The mRNA goes into the ribosome, which reads each codon and the right tRNA bring its amino acid and attaches it to the growing protein chain, like the saddle maker fitting together pieces of wood, carving it into the right shape and finishing the saddle with leather and nails. When the ribosome gets to the end of the mRNA, the protein chain breaks free and folds into its shape. The protein is finally ready to do its job, and the saddle is ready to take its rider. The lord didn’t make it, nor the letter, the scribe, or the apprentice.
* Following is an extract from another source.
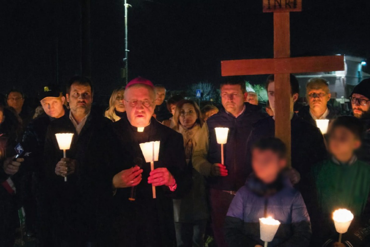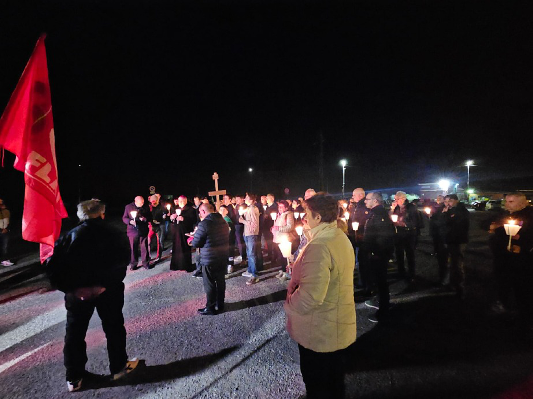 Illuminato dalle fiaccole della Via Crucis, monsignor Malvestiti ha pregato con i lavoratori e il parroco locale, al quale i lavoratori avevano inviato una lettera aperta, e ha anche rivolto loro riflessioni e incoraggiamenti.

Even the saddle maker could not have made it on his own – he needed the instructions from the lord. Similarly, without the mRNA, the ribosome, the tRNA, and the protein made from amino acids, the DNA could not make anything happen in the creature. The proteins might stay in the cell or leave depending on its job, but either way it will ensure that the creature looks and works in the way that the Creator intended.